Tuesday, January 8, 2019

The Bestowal

The Bestowal; experimental film / drama / mystery, USA, 2019; D: Andrew de Burgh, S: Sam Brittan, Sharmita Bhattacharya

Steven wants to commit suicide with a pistol inside his home. However, out of the blue, a woman appears in his room and claims to be an inter-dimensional being who wants him to reconsider. He speaks about his disappointment with the world, where bad things happen to good people while bad persons are rewarded, but she insists that there are forces of good and forces of evil in the Universe, and that he should try to change the world himself by doing good deeds to help strengthen the forces of good. 20 years later. She shows up again in Steven's room. He tells her he followed her advice and spent time on the Indian subcontinent and Africa doing charity. He remembers how a girl he loved from his school, Sara, died when a car hit her a long time ago. 20 years later. She visits Steven again...

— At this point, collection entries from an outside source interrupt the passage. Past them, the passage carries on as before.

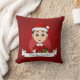 Das Kopfkissen mit einer Abbildung eines niedlich lächelnden Kaukasierjungen mit kurzem schwarzem Haar trägt der Junge ein Weihnachtskostüm mit einem roten Hut und einem Geschenk; in einem roten Kreis auf einem roten Hintergrund mit einer bearbeitbaren Textvorlage für Ihren Namen oder Ihre Nachricht.
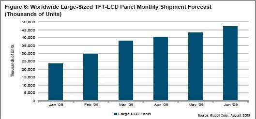 2009年整個第二季度,全球大尺寸LCD面板出貨量比第一季度上升了43%,比2008年第二季度上升了12%。這應歸因于全球經濟好轉、中國市場需求旺盛、新型號的推出、向16:9面板的轉變、以及越來越多地使用LED背光技術。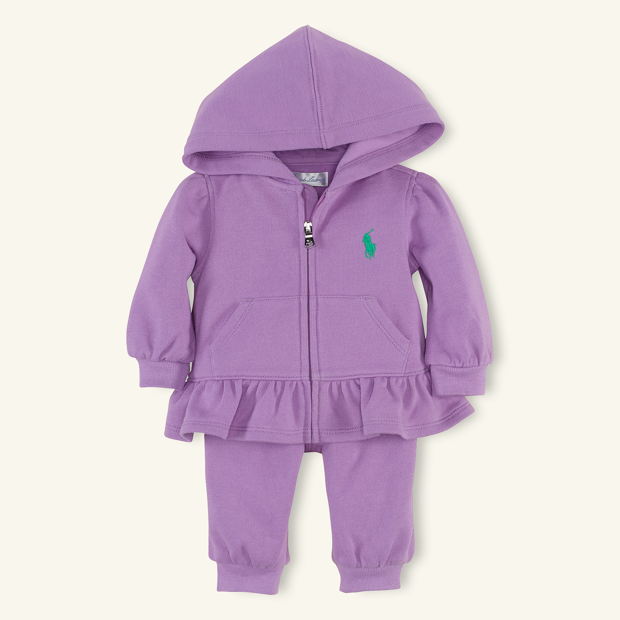This comfortable set features a charming hoodie and an athletic-inspired pant, both crafted from super-soft cotton terry.
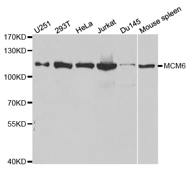 Western blot analysis of extracts of various cell lines, using MCM6 antibody.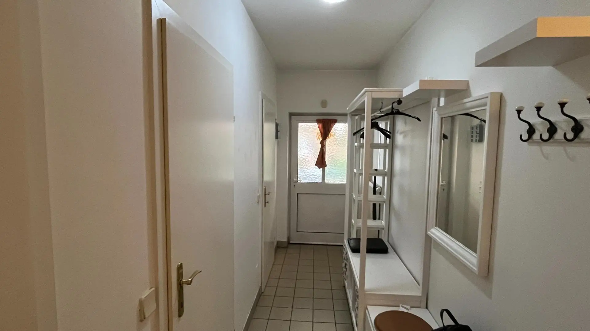 Der Wohnbereich ist hell und freundlich gestaltet und bietet direkten Zugang zur Terrasse mit 10,39 m², die zum Entspannen im Freien einlädt.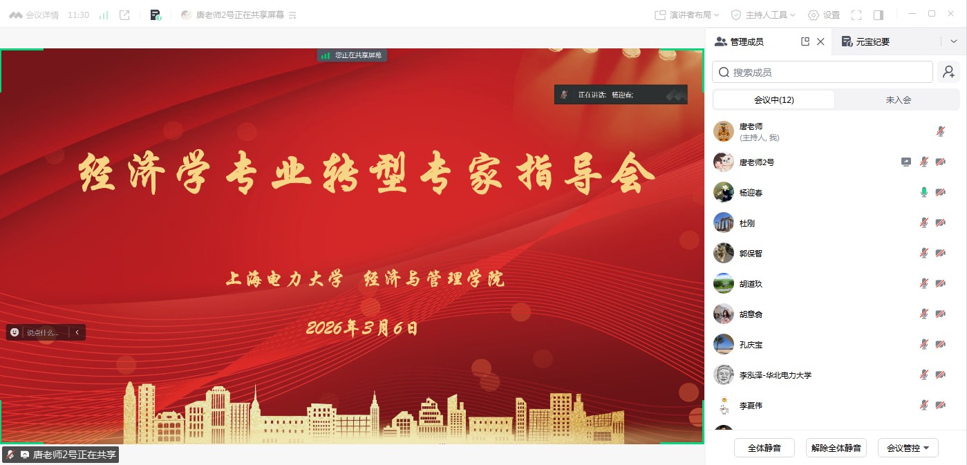 3月6日下午,经管学院组织召开了本科经济学专业转型升级研讨会。会议特邀华北电力大学经济与管理学院副院长李泓泽、长沙理工大学经济与管理学院副院长陈洁、上海路明星光智能科技有限公司业务总监吴迪和原天合富家能源股份有限公司电力交易业务负责人郭保智四位专家进行线上交流研讨。学院党委书记潘华、院长杜刚、院务秘书杨迎春、应用经济系主任胡道玖和经济学专业青年骨干教师参加会议。会议由杨迎春主持。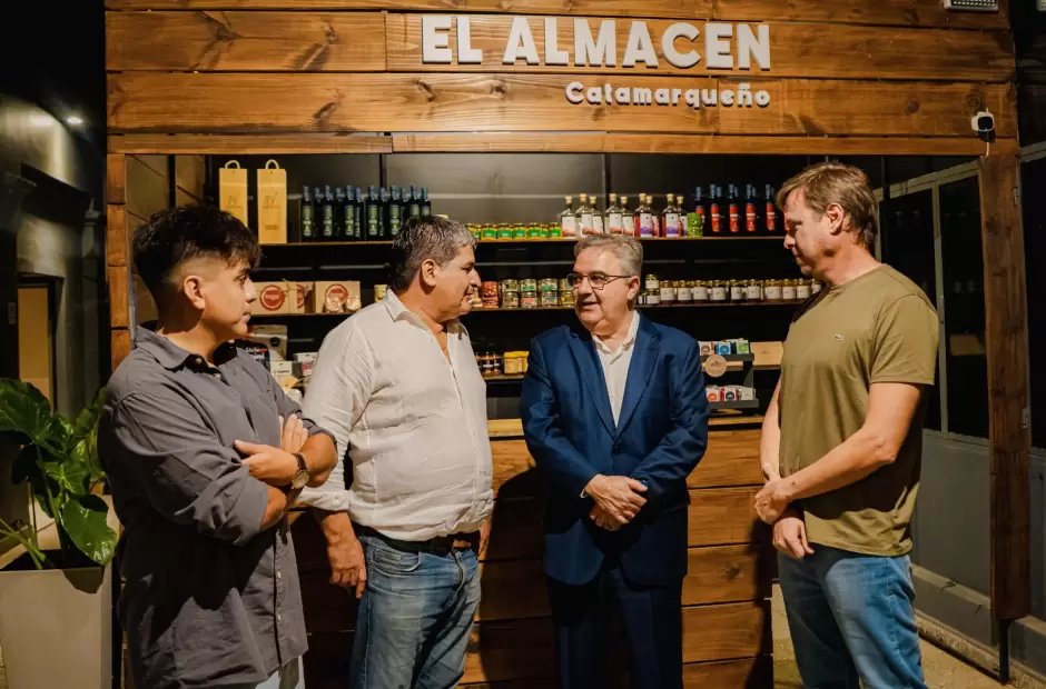 El gobernador Raúl Jalil, junto al ministro de Industria, Comercio y Empleo, Sebastián Caria, acompañaron la apertura del espacioso y bien ornamentado local, que, además de los salones y patio destinados al restorán, cuenta con un almacén con góndola de productos catamarqueños, en el marco del programa que impulsa la cartera mencionada.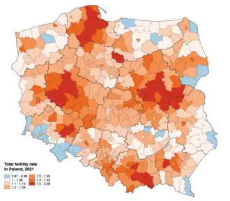 Total fertility rate varies significantly by county in Poland. In 2021, Kashubia and Nowy Sącz regions had the highest fertility rate, along with metropolitan areas of Warsaw and Poznań. The lowest, sub-1 fertility was recorded in the Sudetes.

Experimental film "The Bestowal" is the darnedest thing. It's deeply philosophical, but not very cinematic: dry and exhausting at times, since watching just two people for 90 minutes requires a lot of focus. It's more like a podcast. Maybe it would have worked better as a short film. It reminds of the T. Lee Jones film "Sunset Limited", where we also have a semi-monodrama with just two characters, one of which is trying to persuade the other not to commit suicide. It also evokes, to a certain degree, memories of "My Dinner with Andre", where the entire film was also just two people having a conversation. But it needed a lot more ingenuity to sustain the interest and engage the viewers, such as fresher or more memorable lines. Too much of the lines between the man and the mysterious woman is just the same thing again and again, running around in circles, with observations about life and society which were already done. Too didactic at times, instead of also showing these emotional changes within Steven, with some pretentious monologues (such as when Steven recounts how he "looked into the eyes" of a man and saw "the reflection of God"), though there were a few interesting contemplations, such as when Steven laments about the greed in Capitalism, but she just points out that this greed is actually just a manifestation of something that was always inside such people. Admittedly, "The Bestowal" has one strong, rewarding feature: the ending is surprising, emotional and remarkably satisfying, almost cathartic. It achieves this since it speaks about some abstract existentialist themes in a very touching manner, including trying to find inner peace, closure in life through companionship—but also the motive of eternal return (and self-improvement), showing how a lonely, but charitable man is rewarded in the next life with that what he wanted or missed.